We do not have school enrollment information above.  We obtained it from [NYC OpenData website](https://data.cityofnewyork.us/Education/2013-2018-Demographic-Snapshot-School/s52a-8aq6).

In [None]:
doe_school_df = pd.read_csv('doe_demographic_snapshot_school.csv')
doe_school_df.head(5)

We will filter it down to the year we are interested in (2017-18) based on the above SHSAT data, and do some cleanup.  We look at 2017-18 because the test is at the very beginning of the year:

> Registration is September 7-October 12, 2017... In 2017, tests were given October 21, 22; October 29, and November 4.

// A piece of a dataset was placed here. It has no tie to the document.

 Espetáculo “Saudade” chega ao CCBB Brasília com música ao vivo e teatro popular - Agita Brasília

We can also filter information into Grade 8/9 enrollments:

> All students in grades eight and nine who are current New York City residents are eligible. [Source](https://www.schools.nyc.gov/school-life/learning/testing/specialized-high-school-admissions-test)

In [None]:
doe_school_df.columns = [sanitize_columns(c) for c in doe_school_df.columns]
shsat_eligible_class_size_df = doe_school_df \
    .query("year == '2017-18'") \
    [['dbn', 'grade_8', 'grade_9']]
shsat_eligible_class_size_df.head(5)

We will now combine the enrollment data with the NYTimes data.

In [None]:
combined_df = nyt_df.merge(shsat_eligible_class_size_df, on='dbn', how='left')
combined_df.head(5)

Let us run some quick sanity checks.

In [None]:
# using the fact that np.nan != np.nan
display(combined_df.query('grade_8 != grade_8 | grade_9 != grade_9'))
display(combined_df.query('numshsattesttakers > grade_8 + grade_9'))

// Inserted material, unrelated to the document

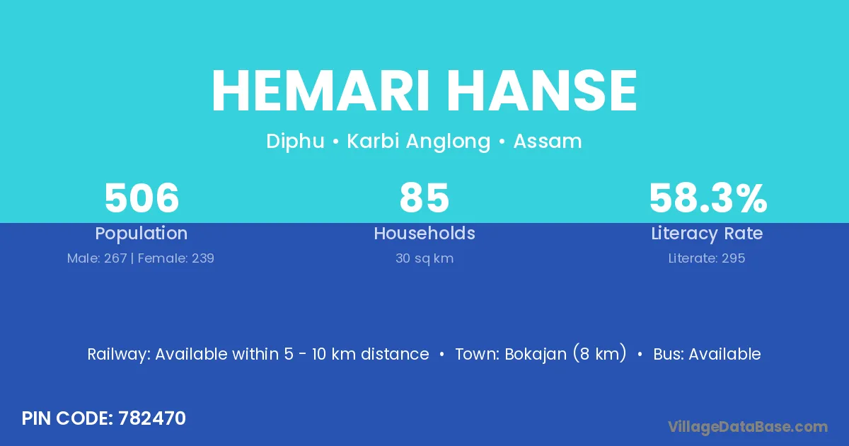 Bokajan (8 km) is the nearest town to Hemari Hanse village for major economic activities and is located approximately 8 km away.

Looks good.  There are no invalid values or empty values.

Let us add a column for fraction of test takers and look at its distribution.

In [None]:
combined_df['pct_test_takers'] = (combined_df['numshsattesttakers'] * 100 \
                / (combined_df['grade_8'] + combined_df['grade_9'])).astype('int')
combined_df.head(5)

In [None]:
display(combined_df.hist('pct_test_takers', bins=20))

In [None]:
display(combined_df.boxplot('pct_test_takers'))

It looks like we have a sharp drop at around 40%.  We can use that as a cutoff, and label any school that has >40% as "successful".

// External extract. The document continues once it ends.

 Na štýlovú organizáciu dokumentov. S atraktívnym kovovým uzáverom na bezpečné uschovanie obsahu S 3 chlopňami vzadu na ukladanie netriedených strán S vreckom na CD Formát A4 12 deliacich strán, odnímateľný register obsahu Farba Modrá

Let us also have a look at how offers per student is spread out.

In [None]:
display(combined_df.hist('offersperstudent', bins=20))

In [None]:
combined_df['success_label'] = (combined_df['pct_test_takers'] > 40).astype('int')

In [None]:
display(combined_df.head())

We will save this csv file out.

In [None]:
out_df = combined_df[['dbn', 'numshsattesttakers', 'offersperstudent', 'pct_test_takers', 'success_label']]
out_df.to_csv('shsat_outcome_data.csv', index=False)